Goes was a veteran of the wild Brazilian “vale tudo” fight scene of the 1990’s. There weren’t many distinctions between a street fight and a vale tudo: not in the rules of engagement and not in how fights were arranged either.

He went on to fight, predictably, everywhere and anywhere — including PRIDE and the UFC. He’s best known for fighting two of the all-time greats, Frank Shamrock and Kazushi Sakuraba, to draws. There’s no going back to those days, but maybe we can pull some spirit from them.

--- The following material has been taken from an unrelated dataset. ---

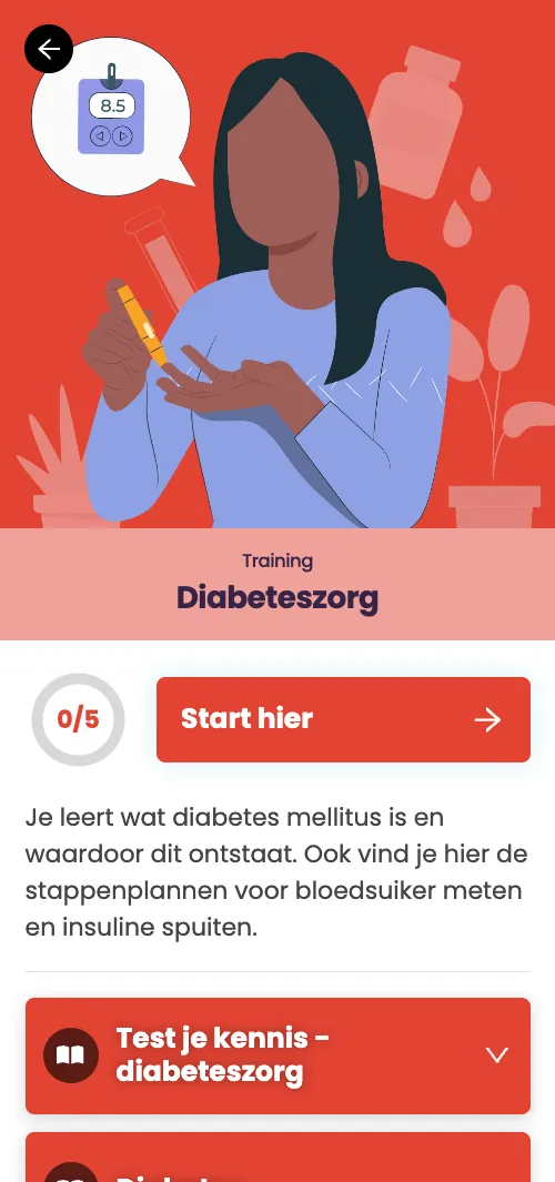 De training bestaat uit verschillende modules die aansluiten op de beroepspraktijk van Verzorgenden en Verpleegkundigen. Elke module bevat ook quizzen om de opgedane kennis te toetsen. De modules zijn ontworpen om de deelnemers te helpen hun bekwaamheid in de zorg voor diabetespatiënten te verbeteren.

The words came back to me as I read an interview last month from Sherdog with Faras Zihabi, the trainer at TriStar Gym. Zahibi, who describes a love for both jiu-jitsu and wrestling – was asked what separates the two. He made several good points, and everyone should read the whole article. But something in the mentality stood out:

“The wrestlers are better strategists,” Zahibi said. “Why? When you wrestle, you have three rounds, so you start thinking about strategy as importance. In jiu-jitsu, it’s one round. When the wrestler starts in MMA, he’s thinking, I’ve got to win two out of the three, minimum. That’s the minimum for victory. It’s not what I’m looking for, but it’s the minimum. A jiu-jitsu guy will do something crazy at the end of a round he was winning. Maybe he goes from top position to the bottom looking for a fancy armbar and gives up the round or gives up the position. They make more strategic mistakes than the wrestlers. Wrestlers use their wrestling in reverse; jiu-jitsu guys, no.”

I believe Zahibi is right — the wrestler’s approach is going to be different from that of a jiu-jitsu player like Allan Goes. But it’s not just a difference in the rules that the two sports employ – where sport jiu-jitsu is one round and wrestling three. Sometimes it’s a difference in the mentality.

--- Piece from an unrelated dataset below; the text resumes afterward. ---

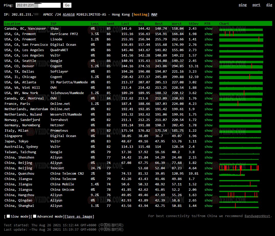 全球PING及丢包率测试:

Increasingly, his notion of the wrestler’s mentality of earning rounds may be losing favor.

Allan Goes and his teammates on the Carlson Gracie Team were known for an aggressive pressure game. Among their standouts was Ricardo Liborio, who would later co-found American Top Team in the early 2000’s, after vale tudo had made way for MMA.

In Goes’ day, it was Pat Militech’s camp which was the most dominant in the UFC. Pat Militech helped craft not only his own championship run, but that of Matt Hughes and Jens Pulver, who shared a wrestling background. Later, they made a heavyweight champion out of Tim Sylvia.

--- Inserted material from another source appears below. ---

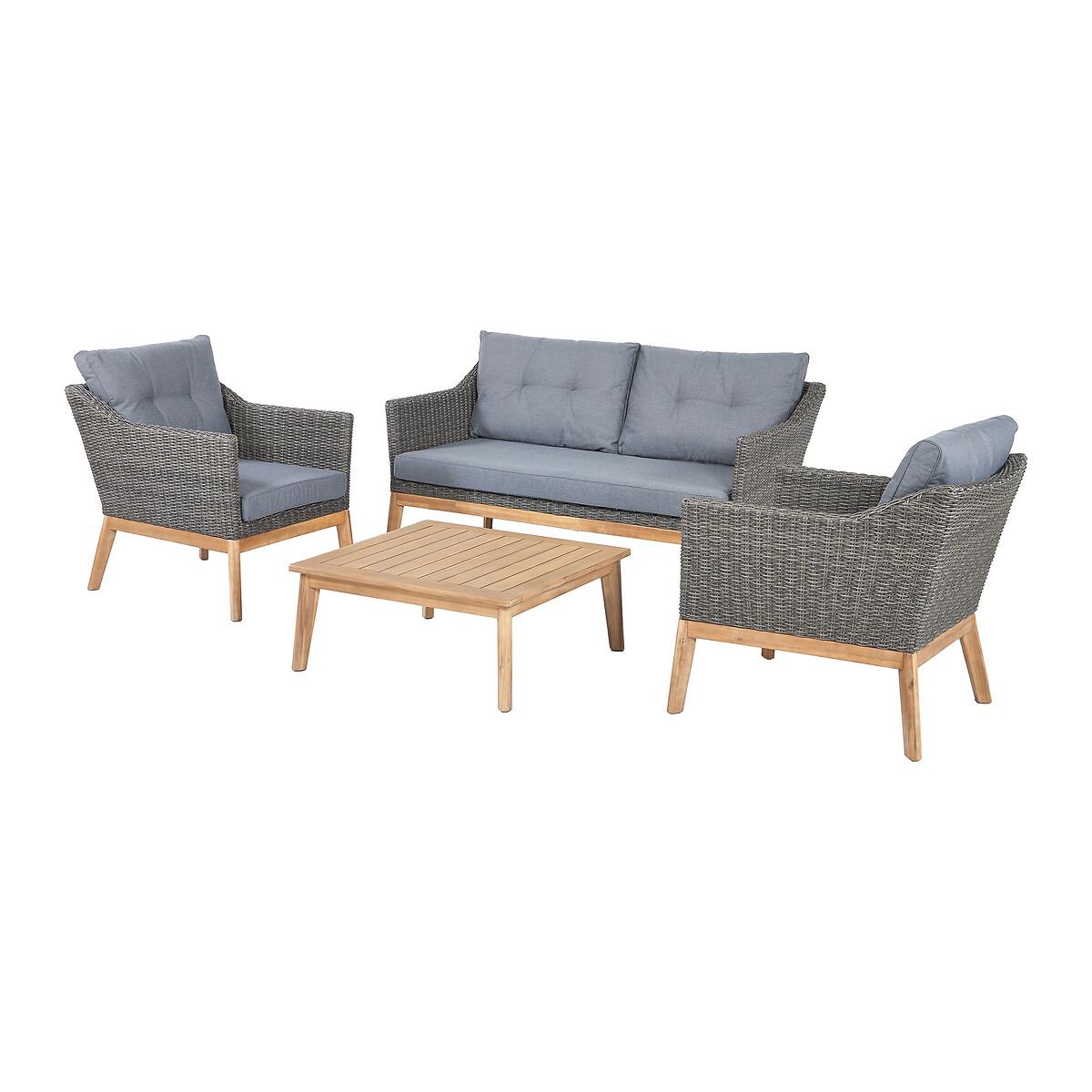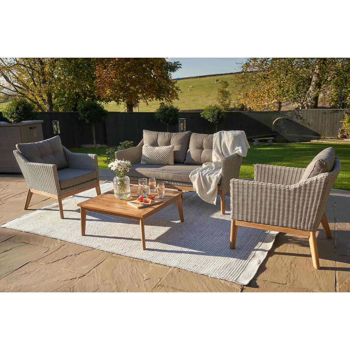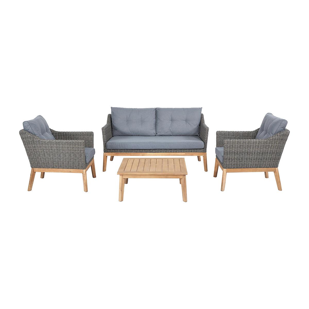 Please note: this product cannot be delivered to all Offshore Islands, Northern Ireland or Republic of Ireland - postcodes starting with; AB, BT, DD, IV, KW1-14, PA21-38, PH, TR17-27 & ALL ROI.The Larissa Lounge Set offers a chic combination of synthetic rattan with quality wood detailing in a stylish Kubu Grey. With a raised seating style, set on tapered legs, and high back cushions, this set gives you a supportive and stylish alternative to a lower lounging style set. The set comprises of a 2 seater sofa, 2x arm chairs and a central coffee table, ideal for relaxed drinking and dining alfresco style. This stunning, outdoor lounge set in neutral tones is crafted from a synthetic half round rattan weave ensuring a modern look, and durable weather resistant finish. This outdoor dining set also features an acacia wood table and matching chair legs, which ensures it's high-quality and robustness. Acacia wood is an environmentally friendly choice as it is a quick-growing wood, tough and long-lasting, making it an excellent choice for outdoor furniture. Each comfortable cushion with stylish grey hue polyester cover, is season proof and fire retardant, ensuring that all details of this set are of the highest quality. We suggest using a cover to protect your set while not in use to maintain its quality. Product Dimensions: Chair: 82x70x79cm. Sofa: 80x154x35cm. Table: 80x80x35cm Parcel 1 Packaged Dimensions: 85cmx85cmx10cm Weight: 10kg Parcel 2 Packaged Dimensions: 159cmx89cmx53cm Weight: 30kg Parcel 3 Packaged Dimensions: 89cmx74cmx53cm Weight: 20kg Parcel 4 Packaged Dimensions: 89cmx74cmx53cm Weight: 20kg. Composition:Polyester 40%, PU wicker 20%, Acacia wood 20%, Aluminium 20%Please note this item is a large piece of furniture that will require some self assembly. Please ensure you have space to receive delivery. This product will be dispatched by one of our trusted suppliers. You’ll be contacted by their selected courier about your delivery. PACIF01

The young gun of the pack was Robbie Lawler, who didn’t quite make to the top back then.

But 12 years later, a week ago, there stood Robbie Lawler, holding up a UFC Welterweight title after a five-round battle with Johny Hendricks. He would become the first of Liborio’s American Top Team to earn a UFC championship, and, one might say, the last titleholder from the long-gone Militech Fighting Systems.

Still, no one would call Lawler a jiu-jitsu man. In fact, his wrestling acumen was to his success – making the former NCAA All-American Hendricks struggle for his takedowns.

But the difference in mentality was clear. By the end of the fight, Hendricks was still, as Goes put it, “holding you down, throwing a punch, and looking at the clock,” while Lawler was still fighting.

Later, on the MMA Hour, Lawler’s old teammate at Militech camp, Matt Hughes, described Hendricks’ struggle and compared to his old foe, Zahibi protege Georges St-Pierre:

“I believe that he got this from Georges St. Pierre. GSP is not a guy to go out and win fights. GSP wants to win three of the five rounds. He wants to win a round, then win another round, then win another round…and I think Johny really tried to do the same thing. Not go out there and win the fight, but go out there and win rounds. That’s not the most exciting thing to watch, watching a guy go out and try to win rounds. People want to see people go out and finish the fight.”

People, for twelve years now, have wanted to see Robbie Lawler fight. If the sport is going to continue to grow in the next twelve, that mentality will have to be rewarded.

Maybe it’s just that simple.

People, from the vale tudo era to The Ultimate Fighter, just want to watch fighters fight.